- _ACTION ITEM_
In the records below, repeat exactly the lines between the line holding "女士马丁靴女款冬季加绒女鞋羊毛短靴真皮棉鞋厚底皮毛一体雪地靴" and the line holding "Bei einem Fenster", inclusive, and drop the pictures.

- _DATASET ENTRIES_
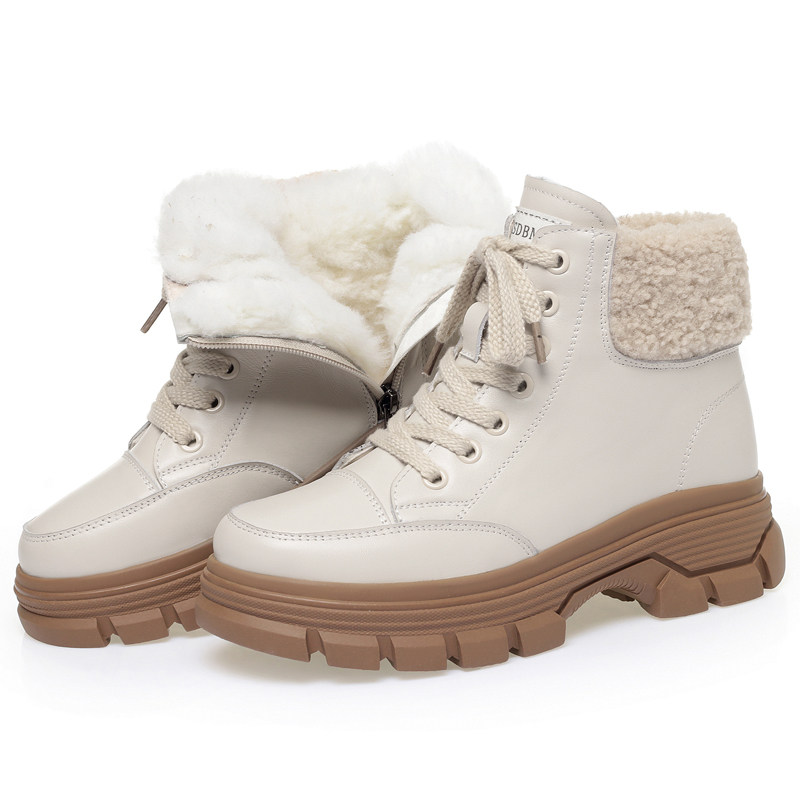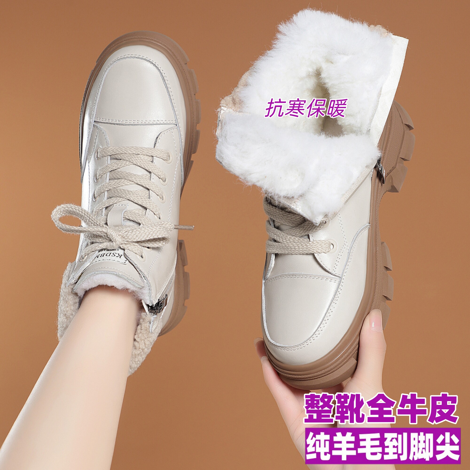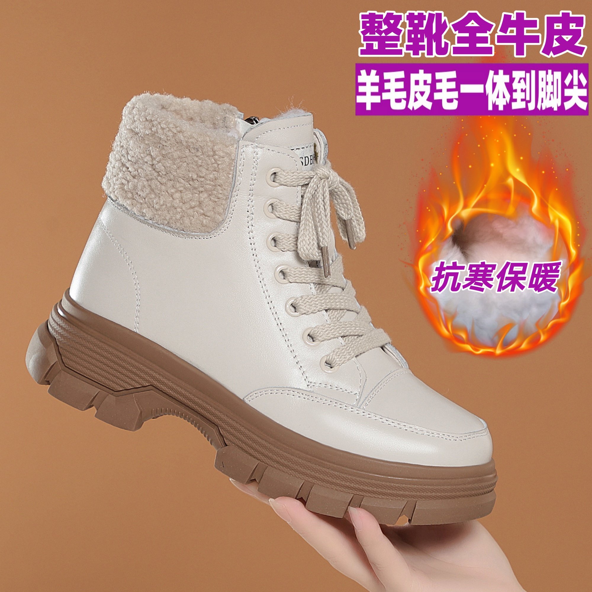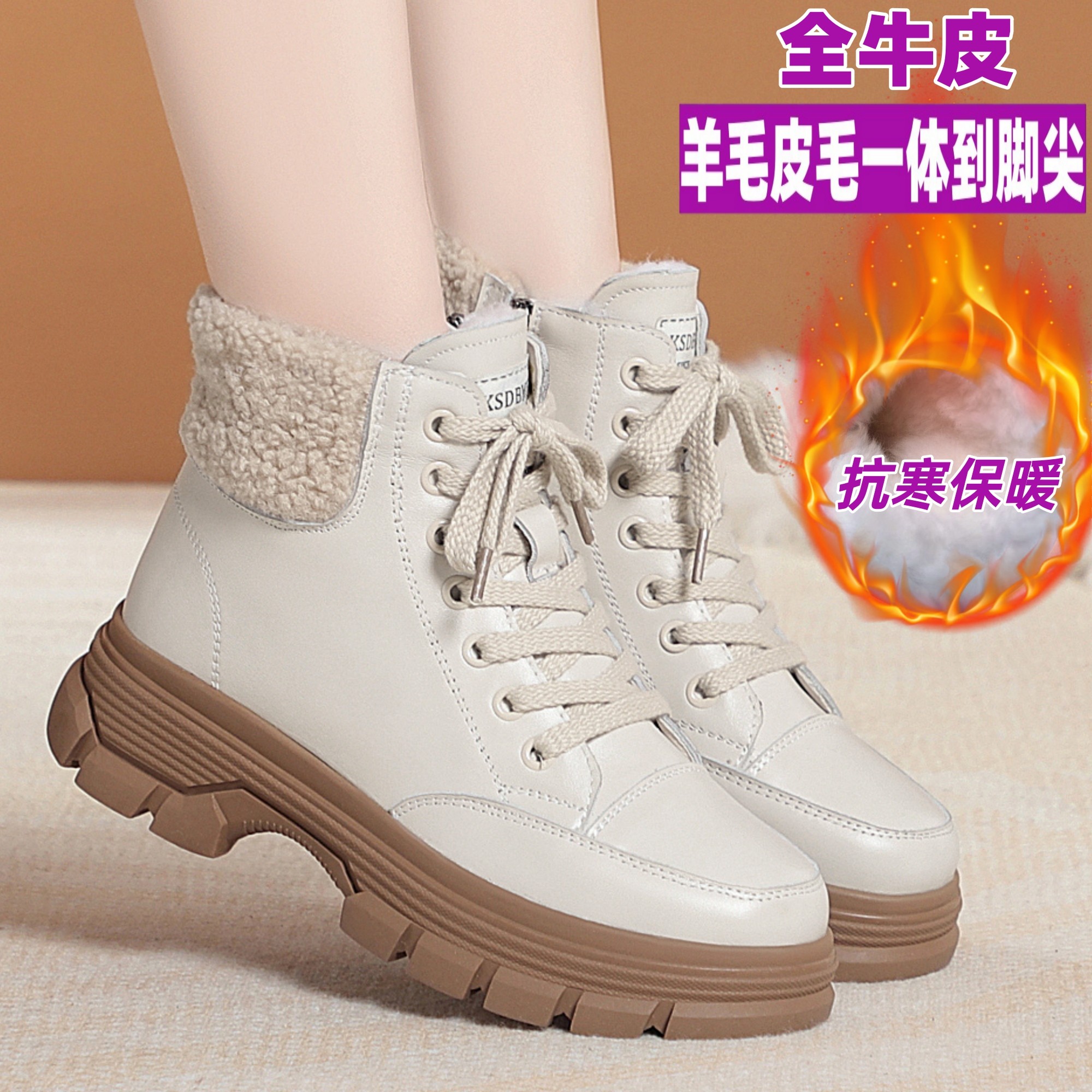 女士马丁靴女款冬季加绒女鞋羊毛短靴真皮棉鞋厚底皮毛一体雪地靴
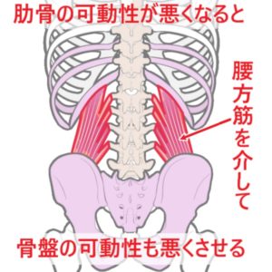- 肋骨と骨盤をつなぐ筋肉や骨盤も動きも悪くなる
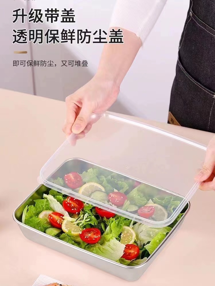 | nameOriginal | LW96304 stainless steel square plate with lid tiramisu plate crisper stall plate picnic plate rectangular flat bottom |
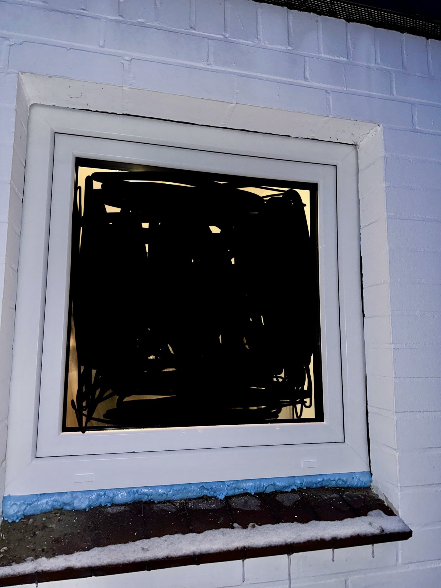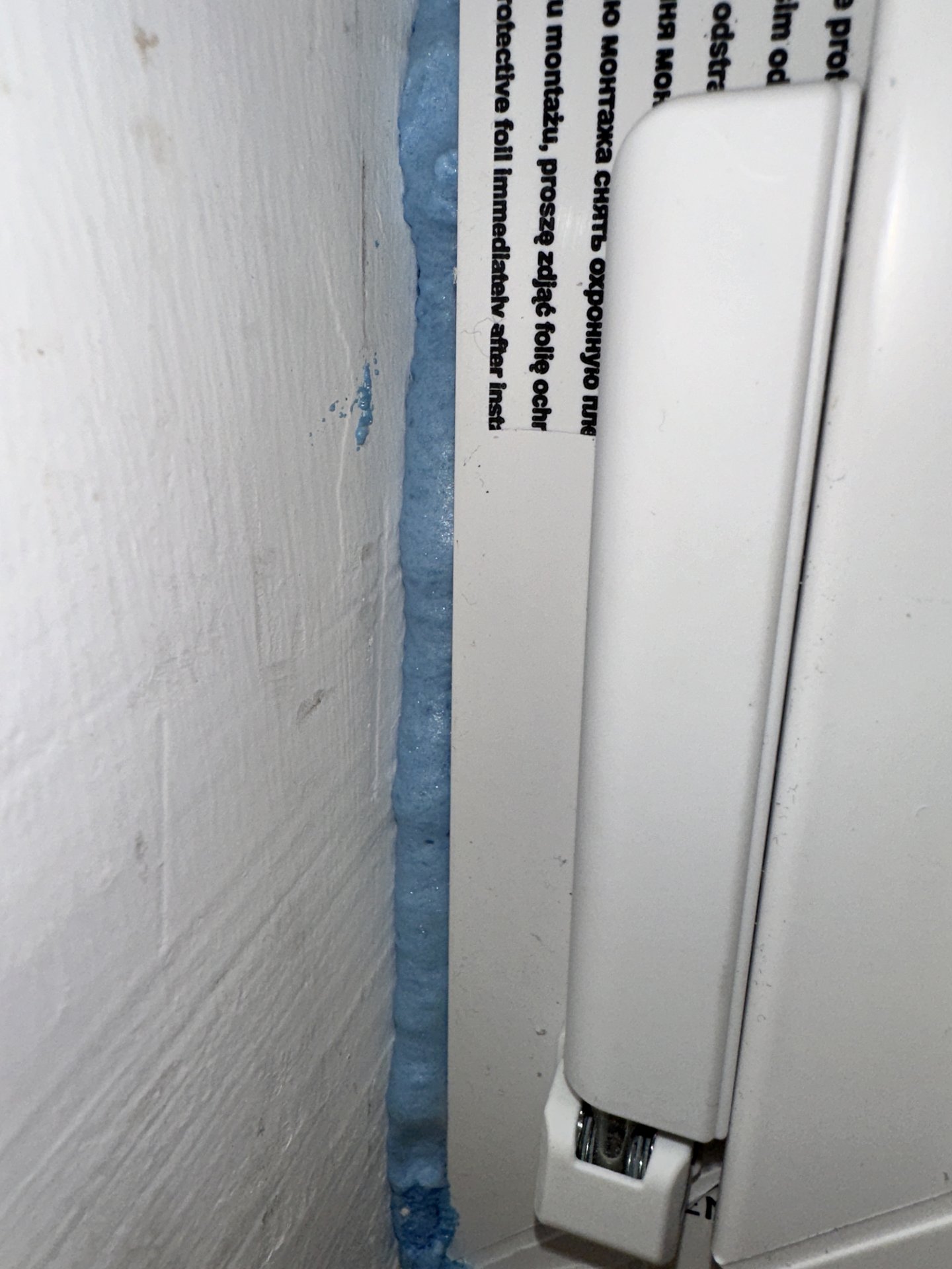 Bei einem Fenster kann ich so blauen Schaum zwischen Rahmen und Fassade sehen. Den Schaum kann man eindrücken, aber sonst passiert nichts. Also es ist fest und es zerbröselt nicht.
--
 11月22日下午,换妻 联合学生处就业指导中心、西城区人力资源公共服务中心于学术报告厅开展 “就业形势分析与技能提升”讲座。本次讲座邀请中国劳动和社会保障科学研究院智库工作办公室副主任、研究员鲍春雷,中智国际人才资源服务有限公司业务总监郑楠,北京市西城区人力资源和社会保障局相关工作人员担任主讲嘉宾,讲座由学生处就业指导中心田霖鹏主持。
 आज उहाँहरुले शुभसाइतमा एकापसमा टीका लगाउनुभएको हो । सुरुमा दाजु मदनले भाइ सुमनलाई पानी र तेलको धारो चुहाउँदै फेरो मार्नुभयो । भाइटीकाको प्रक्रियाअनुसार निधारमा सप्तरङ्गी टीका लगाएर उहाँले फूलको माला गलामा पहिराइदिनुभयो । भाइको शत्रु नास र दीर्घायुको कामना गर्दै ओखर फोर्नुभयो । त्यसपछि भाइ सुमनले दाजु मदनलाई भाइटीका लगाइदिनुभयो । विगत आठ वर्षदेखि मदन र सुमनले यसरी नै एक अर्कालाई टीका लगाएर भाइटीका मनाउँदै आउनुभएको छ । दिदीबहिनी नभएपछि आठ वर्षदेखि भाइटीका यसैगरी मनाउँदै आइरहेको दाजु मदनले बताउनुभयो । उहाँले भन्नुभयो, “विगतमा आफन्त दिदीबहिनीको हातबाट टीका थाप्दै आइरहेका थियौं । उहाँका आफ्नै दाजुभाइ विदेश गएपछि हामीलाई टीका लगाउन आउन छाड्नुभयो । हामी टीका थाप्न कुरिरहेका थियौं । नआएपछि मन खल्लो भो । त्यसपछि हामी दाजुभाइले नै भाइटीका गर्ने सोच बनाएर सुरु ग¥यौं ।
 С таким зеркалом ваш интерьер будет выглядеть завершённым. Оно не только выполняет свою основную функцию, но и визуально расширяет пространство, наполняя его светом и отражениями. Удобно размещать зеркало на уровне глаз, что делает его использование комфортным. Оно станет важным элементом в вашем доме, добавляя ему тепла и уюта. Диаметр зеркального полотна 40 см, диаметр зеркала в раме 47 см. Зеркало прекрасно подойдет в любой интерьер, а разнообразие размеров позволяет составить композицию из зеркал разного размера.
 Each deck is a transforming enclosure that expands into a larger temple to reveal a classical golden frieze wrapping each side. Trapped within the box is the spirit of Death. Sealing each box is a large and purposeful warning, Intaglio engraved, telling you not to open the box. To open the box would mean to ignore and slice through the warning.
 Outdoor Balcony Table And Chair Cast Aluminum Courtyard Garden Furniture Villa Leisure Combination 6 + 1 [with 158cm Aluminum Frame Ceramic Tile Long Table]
==
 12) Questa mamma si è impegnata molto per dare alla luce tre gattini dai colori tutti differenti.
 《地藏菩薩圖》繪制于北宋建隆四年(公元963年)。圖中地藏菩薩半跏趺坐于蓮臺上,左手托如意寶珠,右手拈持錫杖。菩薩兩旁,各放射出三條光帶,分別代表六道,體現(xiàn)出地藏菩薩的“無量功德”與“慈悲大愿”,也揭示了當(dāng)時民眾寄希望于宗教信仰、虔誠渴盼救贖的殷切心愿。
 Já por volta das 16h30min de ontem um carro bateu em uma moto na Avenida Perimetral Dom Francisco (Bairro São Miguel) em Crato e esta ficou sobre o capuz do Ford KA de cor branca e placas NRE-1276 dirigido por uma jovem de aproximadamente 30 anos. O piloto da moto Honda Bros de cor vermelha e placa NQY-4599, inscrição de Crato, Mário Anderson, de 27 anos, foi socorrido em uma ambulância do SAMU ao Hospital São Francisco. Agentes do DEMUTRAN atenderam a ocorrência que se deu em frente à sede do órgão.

- _EXERCISE ANSWER_
 女士马丁靴女款冬季加绒女鞋羊毛短靴真皮棉鞋厚底皮毛一体雪地靴
- 肋骨と骨盤をつなぐ筋肉や骨盤も動きも悪くなる
 | nameOriginal | LW96304 stainless steel square plate with lid tiramisu plate crisper stall plate picnic plate rectangular flat bottom |
 Bei einem Fenster kann ich so blauen Schaum zwischen Rahmen und Fassade sehen. Den Schaum kann man eindrücken, aber sonst passiert nichts. Also es ist fest und es zerbröselt nicht.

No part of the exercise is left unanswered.